Wir erinnern uns, dass es im Frühjahr Moskau war, das den Markt mit einem Überangebot überschwemmen wollte, um die verhasste US-Shale-Industrie zu zerstören. Den Job würde ja jetzt Joe Biden übernehmen. Wie schon jüngst berichtet, brauchen einige Ölförderer dringend höhere Preise, um die leeren Staatskassen wieder zu sanieren.

Unruhen in Nigeria
Und zu guter Letzt noch ein Blick nach Afrika: Im OPEC-Land Nigeria bleibt die Lage angespannt. Noch ist die Ölförderung nicht von den Unruhen bedroht. Doch die Polizei erschoss jüngst ein Dutzend Demonstranten. Militante Gruppen im Niger-Delta wie die Reformed Niger Delta Avengers (RNDA) könnten die Proteste jederzeit eskalieren.

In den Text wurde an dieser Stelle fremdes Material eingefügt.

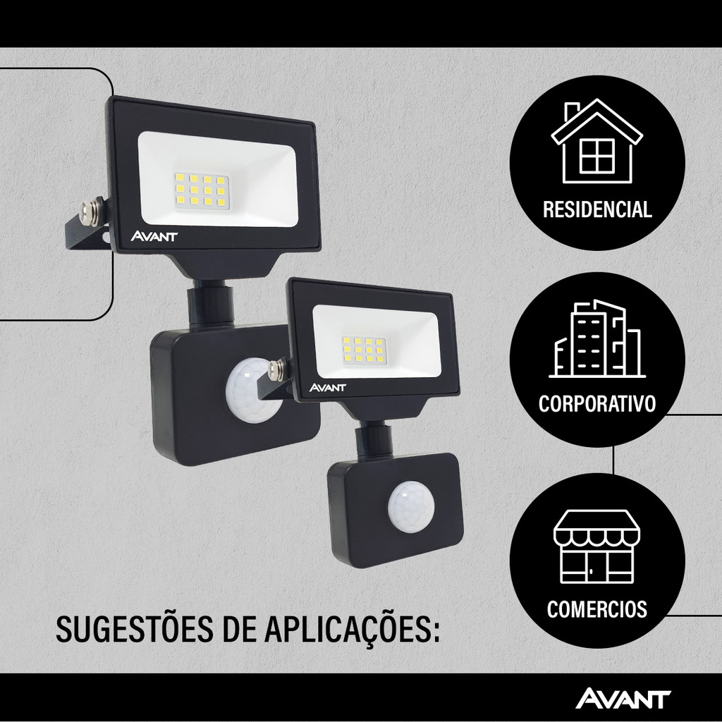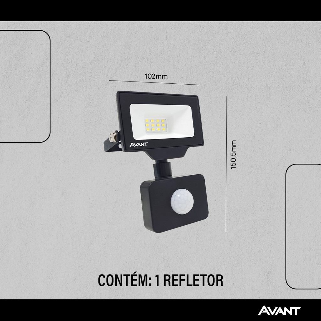 Refletor Led Com Sensor 10w 800lm 6500k Bivolt Ip66 Avant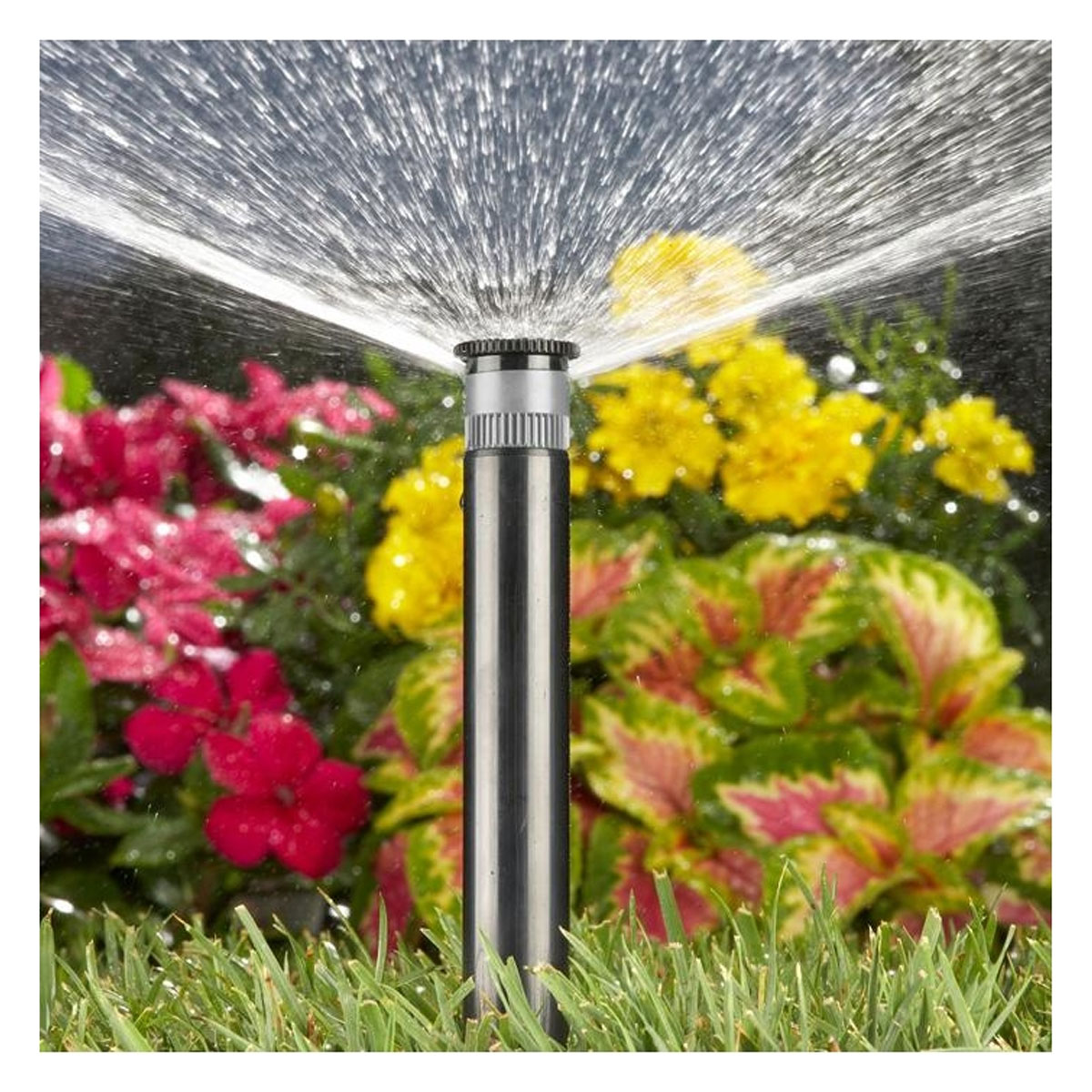 Studiati per distribuire l’acqua in modo uniforme, con i boccagli già inseriti nell’irrigatore. Ogni boccaglio consente la regolazione dell’angolo e della portata, per adattarsi precisamente alla configurazione del terreno da irrigare. L’angolo si regola facilmente da 1° a 360° con un’ampia versatilità d’impiego. Dotati di filtro di grandi dimensioni che trattiene le più piccole impurità. Il filtro è facilmente smontabile per essere pulito. Caratteristiche: 1) Altezza Complessiva: 18,4 cm. 2) Altezza Pistone: 10 cm. 3) Diametro Esposto: 3 cm. 4) Filetto Ingresso: 1/2”. 5) Raggio 10A: Testina regolabile da 3,0 m (10′). 6) In dotazione – ampio filtro di protezione. – vite di regolazione. – frizione sul pistone. – molla di rientro pistone in acciaio inox.

Unser Fazit: Noch ist Corona der große Stopper im Ölmarkt. Doch falls tatsächlich ein wirksamer Impfstoff die Pandemie beendet und die Weltwirtschaft wieder anspringt, spricht vieles für höhere Ölpreise. Dazu gesellt sich möglicherweise eine neue, grüne Politik in den USA. Wir behalten die Angelegenheit für Sie im Blick – und wünschen erfolgreiche Trades und Investments!